First, here are a few stats I put together. Consider:
  1. Average length of a football broadcast - about 3 h 15 minutes (derived from more than 55 years of watching football), or around 195 minutes. Some are as short a 3 hours, a few run as long as 3.5 or even longer.
  2. Actual game time of last nights game - 117 minutes (this includes stoppage for penalties, reviews, injuries, etc.). Derived from the actual recording times off my DVR.
  3. That leaves an expected 78 minutes of commercials, which comes out as 40% of the game.
  4. Commercials these days typically average about 5.5 minutes the last time I checked. I used this figure and did not collect data on the actual or average commercials last night.
  5. Playing time between commercials ran between as little as 3-4 minutes (one was only 1 minute) to the longest being 8-9 minutes. One was even 11 minutes.
  6. Putting that all together, that equals to an AVERAGE play time/game time between commercials as averaging out to 5.85 minutes. There were 19 commercial breaks (counting Halftime as just another break). This correlates pretty well with my global estimation of 40% (ending up closer to 44%).
  7. This adds up to being about or within 90% of being HALF THE GAME.
Put more simply, when you watch an NFL football game, about 45% of your time (within 90% of being a full half your time) is spent watching ads for cars, beer, food, and medication.
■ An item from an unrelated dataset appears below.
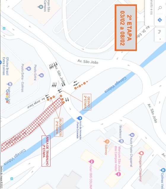 A segunda etapa está prevista para acontecer do dia 3 de fevereiro ao dia 8 do mesmo mês. Nesta fase, será liberado o acesso da rotatória no sentido centro, permanecendo a interdição na Avenida Jorge Zarur. (imagem abaixo)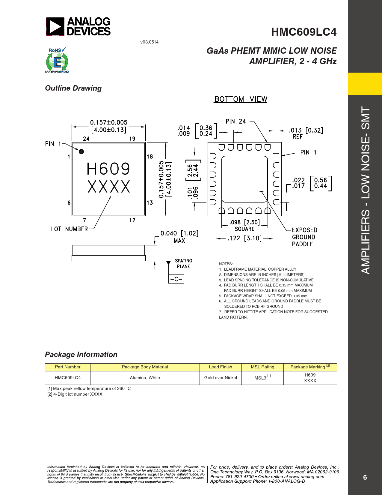 HMC609LC4 v03.0514 GaAs PHEMT MMIC LOW NOISEAMPLIFIER, 2 - 4 GHzOutline Drawing T M - S E IS O W N O S - L R IE LIF P NOTES: M 1. LEADFRAME MATERIAL: COPPER ALLOY 2. DIMENSIONS ARE IN INCHES [MILLIMETERS] A 3. LEAD SPACING TOLERANCE IS NON-CUMULATIVE 4. PAD BURR LENGTH SHALL BE 0.15 mm MAXIMUM PAD BURR HEIGHT SHALL BE 0.05 mm MAXIMUM 5. PACKAGE WRAP SHALL NOT EXCEED 0.05 mm 6. ALL GROUND LEADS AND GROUND PADDLE MUST BE SOLDERED TO PCB RF GROUND 7. REFER TO HITTITE APPLICATION NOTE FOR SUGGESTED LAND PATTERN. Package Information Part Number Package Body Material Lead Finish MSL Rating Package Marking [2] HMC609LC4 Alumina, White Gold over Nickel MSL3 [1] H609 XXXX [1] Max peak reflow temperature of 260 °C [2] 4-Digit lot number XXXX I F nf o or r p mati r o in cfe ur , d nish e e l d iv b e y r A y a nalo n g d t Devi o p ces i la s c bele o ieve rd d t e o rbs e : H acc iutrtatite e M and ic reli rao bl w e. a H v o e C wever o , nrp o For price, delivery, and to place orders: Analog Devices, Inc., responsibility is assumed by Analog Devices for its use, nor for any infringements of patents or other oration, 2 Elizabeth Drive, Chelmsford, MA 01824 One Technology Way, P.O. Box 9106, Norwood, MA 02062-9106 Phone: 978-250-3343 Fax: 978-250-3373 O rights of third parties that may result from its use. Specifications subject to change without notice. No rd Phoe n r O e: 7 n- 81-li 3 n 2 e a 9-4 t w 70 ww 0 • O . rdh e itt r o it nle i . n co e a m license is granted by implication or otherwise under any patent or patent rights of Analog Devices. t www.analog.com 6 Application Support: Phon Trademarks and registered trademarks are the property of their respective owners. e: 978-250-334 A 3 o pplic r a atio pp n S s u @ p h por ittti : Pte ho.c n o e m : 1-800-ANALOG-D

What is the significance of this? When I was growing up, advertising amounted to about 13.3% of a program's time slot (I know, I calculated it). Now it is up to around 40-45%. And programming has gone from the imaginative and daring programming of the 1960s and 1970s (Star Trek, Mission Impossible, et al), to the low-budget reality TV shit they put out now, like talent contests or competitions to see who can be put in a vat full of the most bugs.

Rounded out and put more bluntly, television programming is only a FRACTION the quality (and cost) as it once was (remember Gunsmoke? MASH? Babylon 5?), yet they are putting you through 3X (triple) the amount of commercials!

This is why TV is dying. They starve it of good programming (good shows are mostly shuffled off to streaming services now) while filling it all with crappy commercials. With the cost of programming greatly fallen, advertising time and cost should be going DOWN not up. Which leaves the only conclusion that marketers and owners are milking television to death, killing it off, just to get as rich as they can as fast as they can off collected advertising revenue, even if it means killing the industry.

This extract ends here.